_AIM OF THE TASK_.
From the entries below, print exactly the span beginning with the line holding "Outside, a spacious" and ending with the line holding "Snoopy summer, Κούπα", endpoints included, and skip any pictures.

_PROVIDED INFORMATION_.
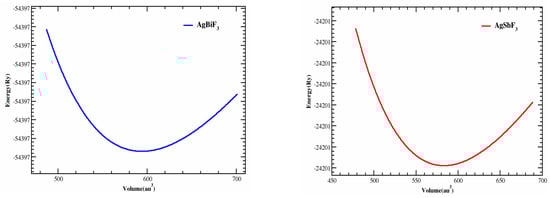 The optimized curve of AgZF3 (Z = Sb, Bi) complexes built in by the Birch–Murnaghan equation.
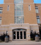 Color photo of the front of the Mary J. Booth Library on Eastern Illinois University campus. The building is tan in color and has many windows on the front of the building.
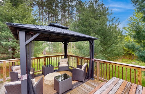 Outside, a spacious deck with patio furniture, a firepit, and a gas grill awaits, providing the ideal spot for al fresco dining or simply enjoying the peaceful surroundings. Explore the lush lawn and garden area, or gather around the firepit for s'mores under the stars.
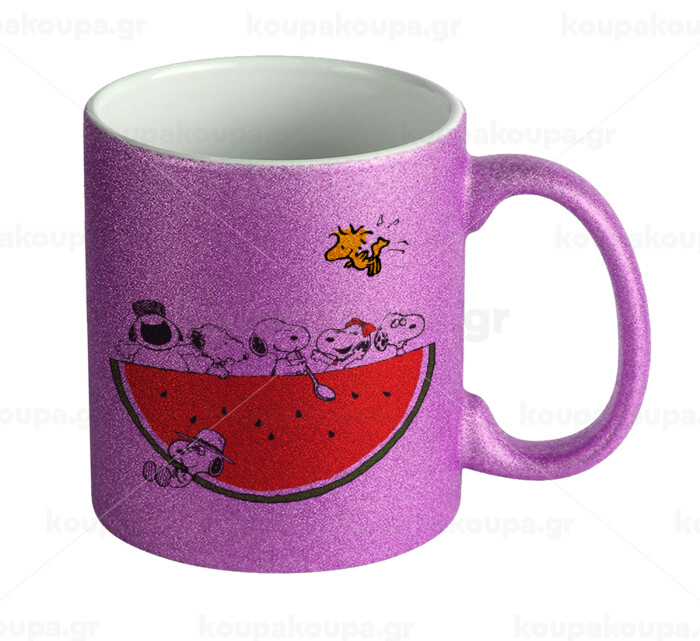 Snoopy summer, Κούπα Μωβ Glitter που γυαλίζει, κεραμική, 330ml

* * *

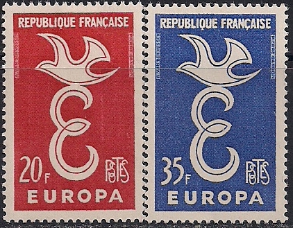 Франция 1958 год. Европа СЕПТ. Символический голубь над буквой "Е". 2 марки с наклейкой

_ANSWER TO THIS PROBLEM_.
 Outside, a spacious deck with patio furniture, a firepit, and a gas grill awaits, providing the ideal spot for al fresco dining or simply enjoying the peaceful surroundings. Explore the lush lawn and garden area, or gather around the firepit for s'mores under the stars.
 Snoopy summer, Κούπα Μωβ Glitter που γυαλίζει, κεραμική, 330ml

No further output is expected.